*** Block opens ***

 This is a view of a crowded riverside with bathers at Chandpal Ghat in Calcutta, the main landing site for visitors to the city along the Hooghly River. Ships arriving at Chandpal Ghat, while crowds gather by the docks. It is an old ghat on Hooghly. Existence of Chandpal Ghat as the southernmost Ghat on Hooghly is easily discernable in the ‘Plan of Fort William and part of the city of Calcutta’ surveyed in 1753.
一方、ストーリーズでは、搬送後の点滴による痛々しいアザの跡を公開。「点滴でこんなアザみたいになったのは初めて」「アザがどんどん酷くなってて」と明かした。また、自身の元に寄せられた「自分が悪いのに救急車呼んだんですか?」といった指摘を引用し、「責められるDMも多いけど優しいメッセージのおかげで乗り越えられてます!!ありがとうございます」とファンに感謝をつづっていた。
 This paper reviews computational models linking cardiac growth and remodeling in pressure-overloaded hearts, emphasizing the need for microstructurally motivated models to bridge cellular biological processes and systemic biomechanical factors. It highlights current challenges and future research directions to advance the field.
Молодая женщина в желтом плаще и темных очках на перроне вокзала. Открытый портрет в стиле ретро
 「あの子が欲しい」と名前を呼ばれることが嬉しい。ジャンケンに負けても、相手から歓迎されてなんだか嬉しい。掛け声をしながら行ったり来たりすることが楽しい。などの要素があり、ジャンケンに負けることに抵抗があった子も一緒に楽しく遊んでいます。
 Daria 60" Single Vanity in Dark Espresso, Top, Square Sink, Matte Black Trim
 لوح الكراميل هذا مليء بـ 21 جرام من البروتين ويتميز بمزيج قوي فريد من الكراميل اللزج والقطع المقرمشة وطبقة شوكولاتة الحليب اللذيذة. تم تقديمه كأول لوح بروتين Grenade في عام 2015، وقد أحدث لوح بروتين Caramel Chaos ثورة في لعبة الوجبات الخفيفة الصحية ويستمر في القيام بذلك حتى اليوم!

*** Block closes ***
*** Block opens ***

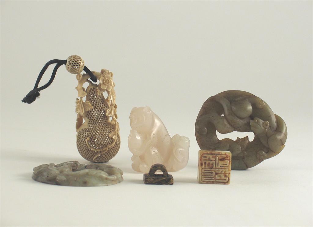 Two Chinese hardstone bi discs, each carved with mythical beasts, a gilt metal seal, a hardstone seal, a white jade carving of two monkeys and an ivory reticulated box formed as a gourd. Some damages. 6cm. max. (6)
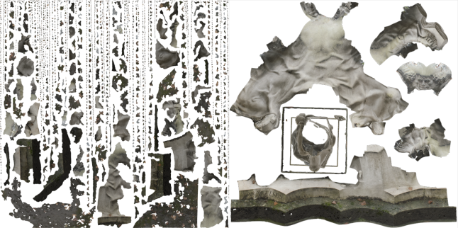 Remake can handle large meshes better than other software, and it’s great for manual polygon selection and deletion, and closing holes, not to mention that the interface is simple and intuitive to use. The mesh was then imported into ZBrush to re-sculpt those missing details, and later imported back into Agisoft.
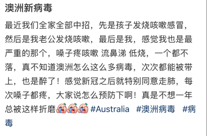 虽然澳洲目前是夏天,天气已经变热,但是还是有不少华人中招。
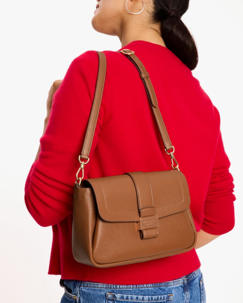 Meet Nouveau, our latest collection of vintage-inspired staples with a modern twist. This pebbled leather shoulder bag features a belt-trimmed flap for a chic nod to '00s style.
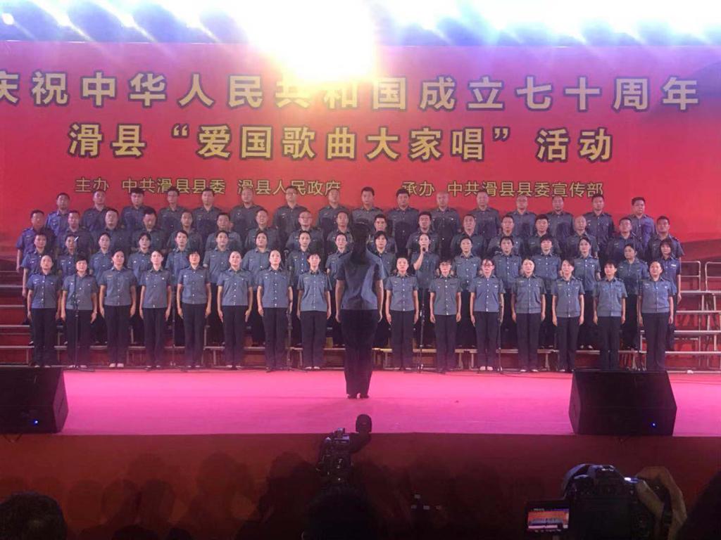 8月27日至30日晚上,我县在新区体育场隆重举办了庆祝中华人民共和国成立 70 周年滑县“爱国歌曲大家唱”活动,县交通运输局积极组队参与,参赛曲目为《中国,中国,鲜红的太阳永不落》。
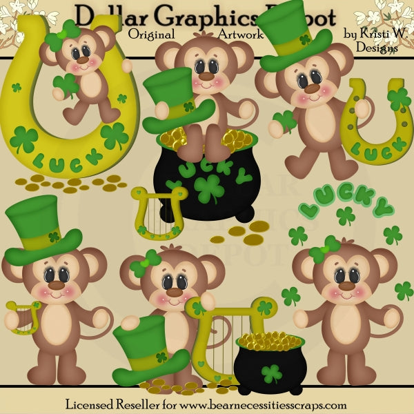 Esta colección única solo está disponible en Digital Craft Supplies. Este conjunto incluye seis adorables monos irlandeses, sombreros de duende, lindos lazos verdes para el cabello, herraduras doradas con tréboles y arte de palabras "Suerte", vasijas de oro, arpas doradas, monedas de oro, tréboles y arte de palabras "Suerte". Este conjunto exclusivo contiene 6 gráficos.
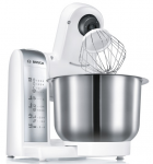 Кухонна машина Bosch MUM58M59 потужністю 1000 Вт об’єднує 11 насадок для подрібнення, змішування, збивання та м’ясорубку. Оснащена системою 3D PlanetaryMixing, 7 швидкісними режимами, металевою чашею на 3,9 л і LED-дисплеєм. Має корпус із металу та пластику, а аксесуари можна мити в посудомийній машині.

*** Block closes ***

§ EXERCISE OBJECTIVE: The answer should consist only of the lines above from the one with "虽然澳洲目前是夏天,天气已经变热,但是还是有不少华人中招。" through the one with "Кухонна машина Bosch", repeated exactly, with no pictures among them.

§ REPLY:
 虽然澳洲目前是夏天,天气已经变热,但是还是有不少华人中招。
 Meet Nouveau, our latest collection of vintage-inspired staples with a modern twist. This pebbled leather shoulder bag features a belt-trimmed flap for a chic nod to '00s style.
 8月27日至30日晚上,我县在新区体育场隆重举办了庆祝中华人民共和国成立 70 周年滑县“爱国歌曲大家唱”活动,县交通运输局积极组队参与,参赛曲目为《中国,中国,鲜红的太阳永不落》。
 Esta colección única solo está disponible en Digital Craft Supplies. Este conjunto incluye seis adorables monos irlandeses, sombreros de duende, lindos lazos verdes para el cabello, herraduras doradas con tréboles y arte de palabras "Suerte", vasijas de oro, arpas doradas, monedas de oro, tréboles y arte de palabras "Suerte". Este conjunto exclusivo contiene 6 gráficos.
 Кухонна машина Bosch MUM58M59 потужністю 1000 Вт об’єднує 11 насадок для подрібнення, змішування, збивання та м’ясорубку. Оснащена системою 3D PlanetaryMixing, 7 швидкісними режимами, металевою чашею на 3,9 л і LED-дисплеєм. Має корпус із металу та пластику, а аксесуари можна мити в посудомийній машині.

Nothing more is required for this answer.